返す言葉がないのか、言葉を返しても無駄だと思っているのか。
後ろを振り向かないマルタ、その背中を見守るリーガル、不機嫌を隠すことのないラタトスク、気まずい空気に視線を彷徨わせるしいな。
ぎくしゃくした空気に思わず笑ってしまう。

「貴女も人が悪いですね」

「あら、何のことかしら?」

 背後から姿を現したテネブラエにアンジェラは肩をすくめて笑った。
流石にテネブラエもあの気まずい空気に耐えられなかったのだろうか。

「貴女なら、うまくまとめられるでしょう」

「買いかぶり過ぎよ。

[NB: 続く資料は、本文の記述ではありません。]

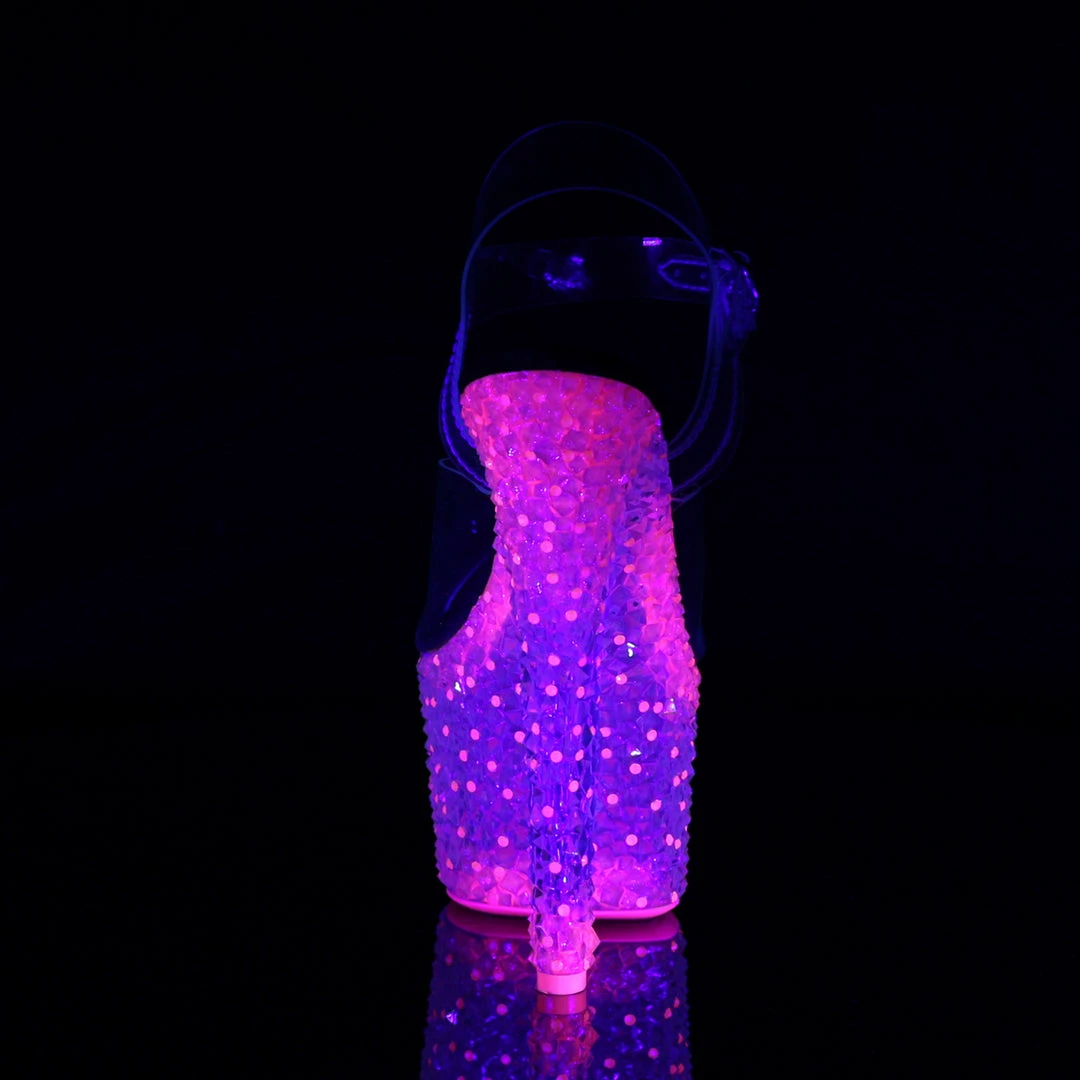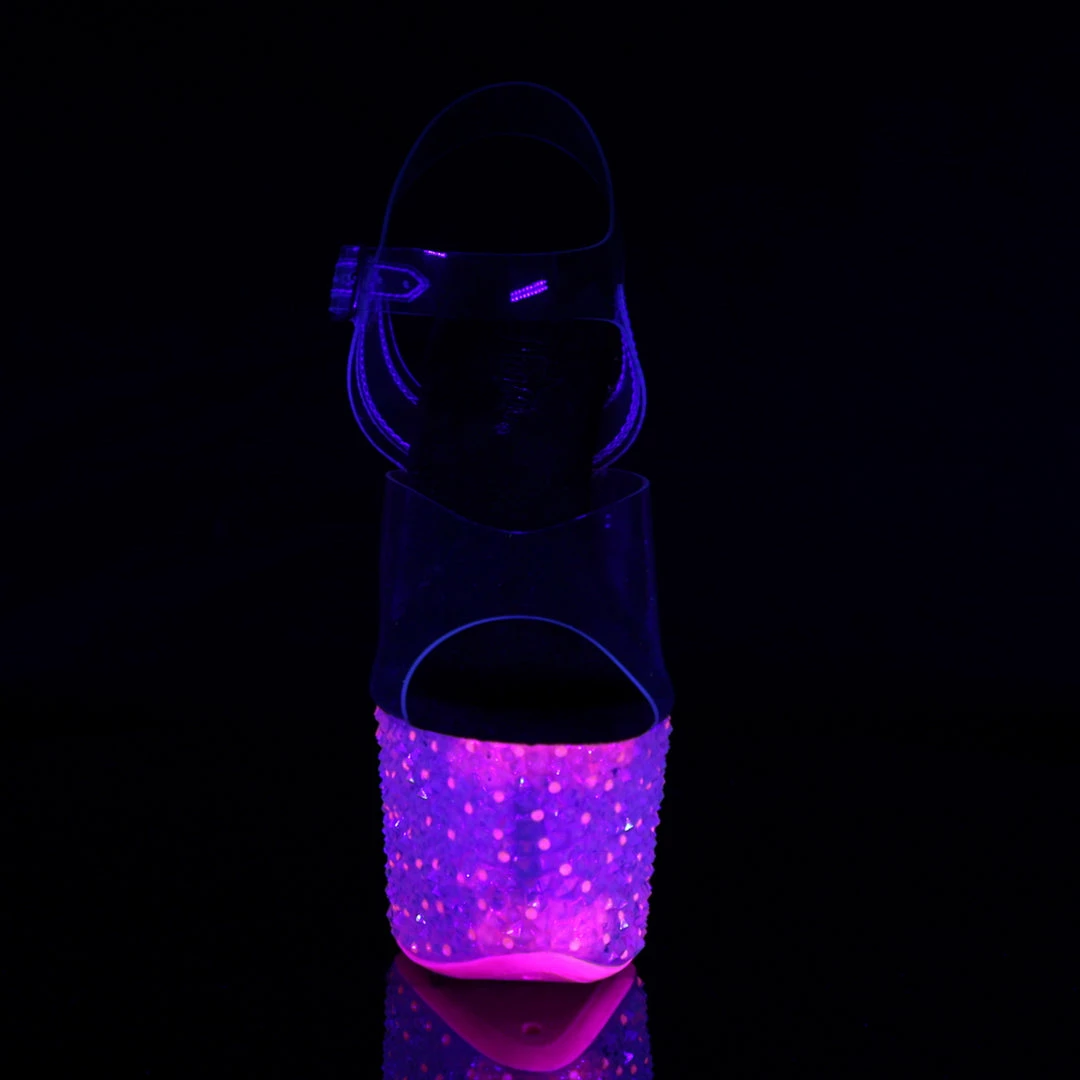 7″ (17.8cm) Stiletto Heel, 2 3/4″ (7cm) Platform Ankle Strap Sandal Featuring Entire Bottom Fully Encrusted with Neon UV Reactive Stones and Neon UV Reactive Outsole/Toplift

結局のところ、最後に響くのは大切な人の言葉だもの。二人が歩み寄らなければ、私がどう動いたって無駄よ」

言って肩をすくめて笑う。
丸め込むことは出来るかもしれないが、それでは根本的な解決にはならない。
どんなに正論を述べても、信頼に値する人が言わなければ意味がない。
結局のところ、最後に心に響くのは綺麗に飾り付けられた言葉ではなく、大切な人のたった一言なのだから。